Share a Collection with others.

For today's workshop we assume you have set up an NCBI Account - if you are interested in using one.

Login/Sign up your NCBI Account

If you don't have one yet, it's easy to create an account:

CLICK HERE TO DOWNLOAD A HANDOUT SHOWING YOU HOW!

If you'd rather not, you can still fully participate in using the NCBI databases and tools, but if you want to save links so that you can easily find them again and share them - you may need to come up with your own way to do this (examples: browser bookmarks, copying and pasting into a document etc).

Please note that NCBI Accounts are also useful for:

Saving and automating searches of various databases (both literature & molecular biology).
Saving your BLAST searches and results longer than without an account.
Setting your preferred sort mechanism for search results.
Highlighting search terms in your choice of color to make them easy to find.
Creating your own custom filters for quick and easy refinement of searches
Creating your own publication list (My Bibliography)
Creating Federal BioSketches (NIH, NSF, DoED) from stored information
For NIH grantees, producing your funded-publication reporting tables for Annual and Final Reports.
and you can keep track of everything – right on your My NCBI dashboard!

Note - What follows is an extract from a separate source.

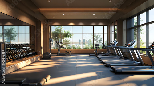 A high-end five-star hotel fitness center with state-of-the-art equipment and large windows.

Option 1: Why don't cats have a sweet tooth?: Phylogenetic Tree exercise

- - - Who is the audience?
      - Upper-level high school students, college students in intro biology or a first course in evolutionary biology
    - What do they need to learn?
      - How to use evolutionary trees and sequence data to you formulate and test hypotheses related to cool phenotypes
    - What do they need to learn how to do?
      - Generate a hypothesis about the genetic basis of a cool phenotype
      - Identify what NCBI resources are relevant to the evolutionary biology research question
      - Build a simple phylogenetic tree using sequence data
      - Identify sequence orthologs related to the phenotype
      - Evaluate changes in sequence orthologs that could
      - Use visualization tools to support hypothesis and share findings with others
    - What is a relevant and interesting story for the audience?
      - Evolution of a relatable sensory phenotypes
    - What kind of NCBI data & resources are relevant?
      - Sequence Analysis Tools
        
        BLAST alignment tool
        
        COBALT sequence aligner
        
        Multiple Sequence Alignment Viewer (Graphics)
      - Biological Sequence resources
        
        Gene
        
        Nucleotide
        
        Protein
      - Biological structure resources
        
        Structure
        
        iCn3D (if time)
    - What workflow will help find the data and provide the information to solve the case study?
      - Workflow: See below
    - How can they assess that they've mastered the content?
      - Opportunities to check work against answer keys
      - Practice with other phenotypic examples

Walk-through the exercise/materials

Come up with an evolutionary question and plan to test it
Gather data to build phylogenetic tree
Use data to build evolutionary tree
Find gene sequences and map them onto phylogenetic tree
Identify specific changes to protein sequences and finish the story!

Step 1: Come up with an evolutionary question

Woman thinking about pets eating candy
Have you ever noticed…
That you have a bigger sweet tooth than your friends?
Your dog seems more interested in your candy than your cat?
The recommended food for hummingbirds is sugar water?
And wondered...why is this? is there a genetic component to the ability to taste and seek out sugar?

The ability to taste different flavors is crucial for toxin avoidance and assuring proper nutrition intake. In humans, the ability to distinguish sweet (sugars) and savory (amino acids) is conferred by a family of Taste Receptor Genes. Let's learn more about some of the function of some of these taste receptor genes...can you tell which ones are responsible for sweet (carb) perception?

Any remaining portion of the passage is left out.